Best of all for this entertaining, rousing thriller, filled with tough dialogue and even rougher violence, is the climactic moment of an escape that leaves room for a sequel that one hopes brings director Joe Carnahan (“Smokin’ Aces”) back behind the camera.



‘KATE’ ON NETFLIX

While we’re on the subject of violent action thrillers, why not take a look at Netflix’s “Kate,” a brutal drama involving an assassin in Japan racing against the clock after being poisoned to hunt the party responsible for her condition.

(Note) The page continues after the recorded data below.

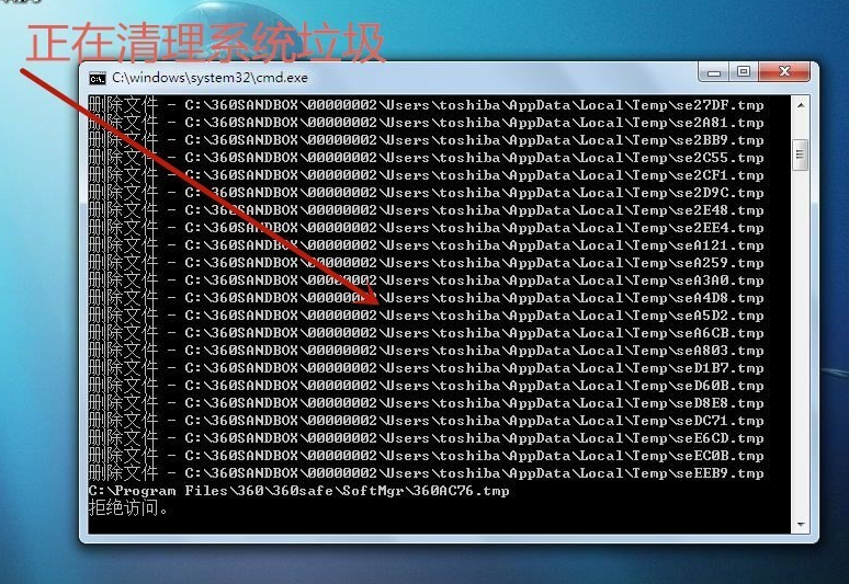 需要清除垃圾时,双击运行该文件,就会弹出一下窗口,显示正在清理系统垃圾,请稍等。。。,那就表示正在运行中。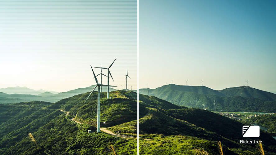 Через те, як регулюється яскравість у дисплеях зі світлодіодним підсвічуванням, деякі користувачі помічають мерехтіння на екрані, що спричиняє втому очей. Технологія Philips Flicker-free використовує нове рішення для корекції яскравості та зменшення мерехтіння для більш комфортного перегляду.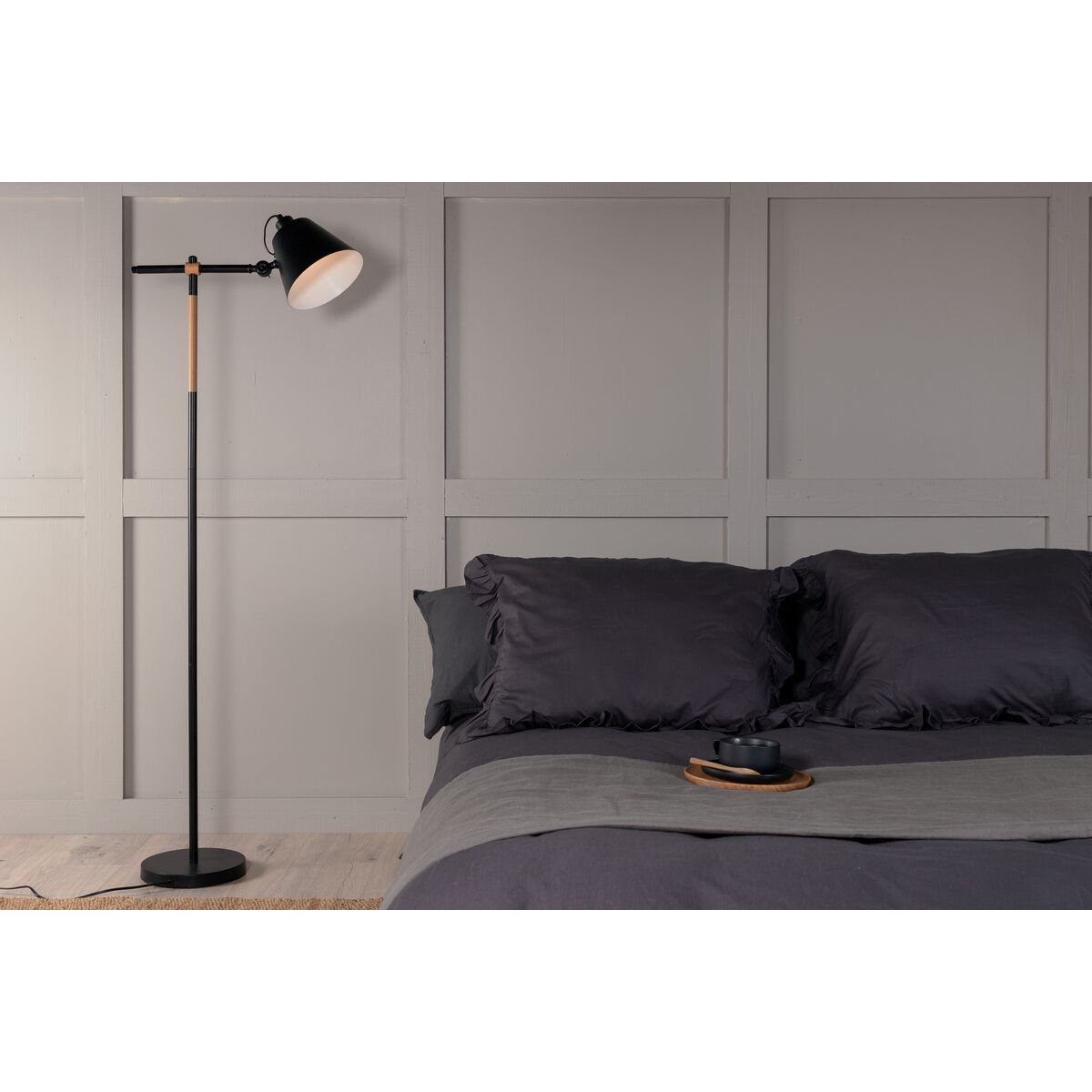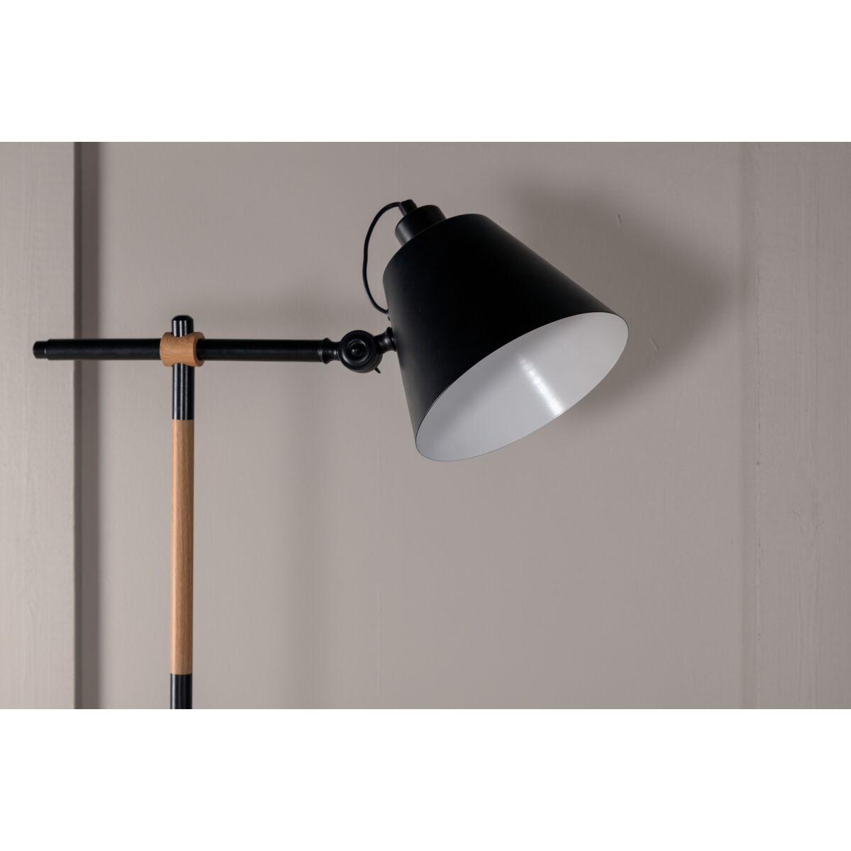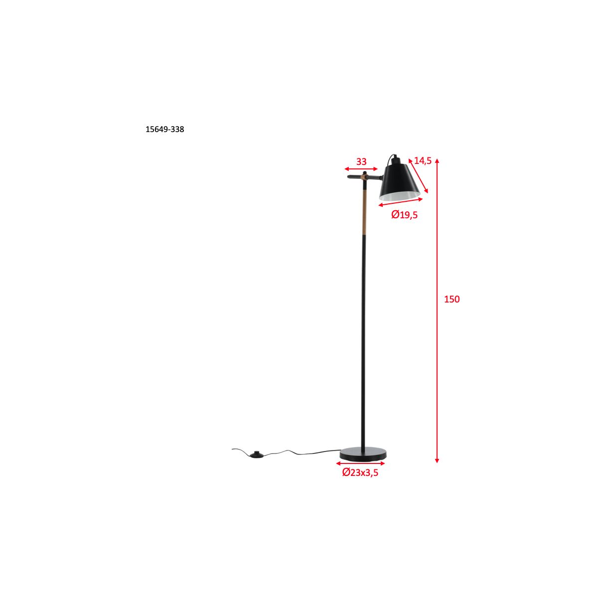 Must põrandalamp puu detailidega. Ekraani saab teie vajadustele vastavalt kallutada üles või alla. Sobib suurepäraselt lugemislambina või ilusaks sisekujunduselemendiks. Stiilne klassika!

As the titular character, Mary Elizabeth Winstead’s assassin, mentored in the craft by a father figure in Woody Harrelson’s Varrick, bears a lot of similarity to “Gunpowder Milkshake,” another recent Netflix film. Or think of Natalie Portman in “Leon: The Professional.”

Not to divulge too many details, Kate violated one of the rules of a professional killer, which is why she was poisoned by a deadly dose of Polonium-204 and can only keep going with occasional jabs of adrenaline.

In the quest to find her killer, Kate teams up with rebellious teenager Ani (Miku Patricia Martineau), who has ties to the Japanese underworld but is disaffected with her criminal relatives who have made her an orphan.

The storyline for “Kate” is hardly distinctive. Winstead’s Kate is to Harrelson’s Varrick what Maggie Q’s Anna is to Samuel L. Jackson’s Moody in “The Protégé,” at least on the superficial relationship of a female contract killer to her male mentor.

In the final analysis, “Kate” is a derivative pastiche of the genre, cursorily satisfied with seizing only the most ruthlessly intense and borderline sadistic actions of a professional killer operating in a fantasy underworld.

Of course, since Winstead’s Kate has only 24 hours to live, all niceties must be dispensed with in her headlong rush to kill every Yakuza scumbag that stands in the way of her ultimate target.

While “Kate” may waste its star’s versatile talent, mindless escapism is not necessarily something to dismiss as we breathlessly await better films at the multiplex. Good thing that the next James Bond film “No Time to Die” is just around the corner.

Tim Riley writes film and television reviews for Lake County News.